None of our patients had mental abnormality or gastrointestinal manifestation. Systemic examination and routine laboratory work-up was normal in all the patients. Based on the clinical features the first patient was diagnosed as having WS3 as this patient fulfilled the criteria of WS1 in addition to having upper limb anomaly (syndactyly). The second and the third patient had features of WS1.
WS 1 and 2 are autosomal dominant inherited in most cases, WS 3 may be sporadic or autosomal dominant, and WS4 is autosomal recessive in inheritance. Mutations in PAX3 gene on chromosome 2q37 are seen in WS 1 and WS 3 , and MITF mapped on 3p12-p 14.1 are mutated in type 2 WS.  WS type 4 is due to SOX10 or endothelin-B receptor (EDNRB) gene mutations.  Apart from syndactyly, other upper limb anomalies described with WS3 include hypoplasia of the musculoskeletal system, flexion contractures, fusion of the carpal bones, and winged scapulae.  Most patients with WS3 have had milder anomalies of the upper extremity.  However, the presence of syndactyly of the feet, as seen in our first patient, has very rarely been reported in case of WS.  Ophthalmo-acromelic syndrome (OAS)  may be a close differential diagnosis of our first patient. However, in contrast to the findings of our patient, small palpebral fissure, anophthalmia,  flared up nostrils, bony abnormalities like the presence of only four toes  bilaterally and wide gap between 1st and 2nd toes are usually seen in OAS. Moreover, in OAS, eyebrows and eyelashes remain normal and depigmentation of skin and hair are not seen.

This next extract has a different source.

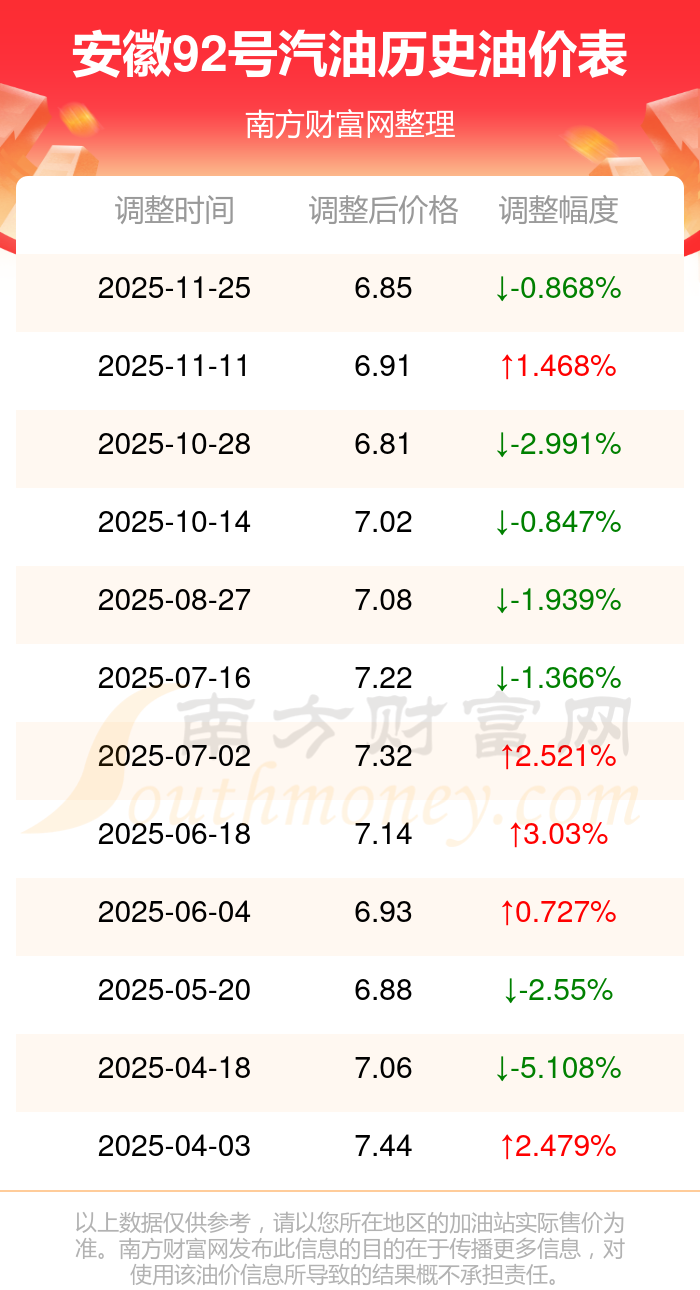 12月3日,安徽92號汽油的價(jià)格是6.85元每升,本次的調(diào)整時(shí)間為11月25日,對比上次的調(diào)整下調(diào)了0.06元,下調(diào)0.868%,12月8日24時(shí)為下一輪油價(jià)調(diào)整時(shí)間,還有5.24天。

The mother of the first patient had all the classical features fulfilling the diagnostic criteria of WS1. The first two cases also demonstrated that the same family could harbor the features of both WS1 and WS3. The presence of different manifestations of WS in different combinations in the other family members of the first patient represented the well-known variable expressivity of the disease.
The third patient of this series had fulfilled the diagnostic criteria of WS1. However, in this case, history of similar illness or findings suggesting WS was not present in the other family members. Different features of WS 1 in this patient probably resulted from a new mutation. The diagnosis of WS is essentially clinical. Not every case expresses all clinical manifestations of the complete WS, and forme fruste conditions are also relatively common.  In individuals with only subtle features of the disease, WS may remain undiagnosed until another family member with features of WS seeks medical attention. Our case series also emphasizes the importance of examination of all the family members to identify undiagnosed cases. There is currently no definitive treatment or cure for WS. Sensorineural deafness, bony abnormalities, and Hirschsprung disease associated with WS are some of the potentially serious conditions and significantly deteriorate the quality of life. From a dermatologist′s point of view, an early diagnosis of WS from the cutaneous features may aid in the initiation of early treatment, social and vocational training, and rehabilitation of these patients.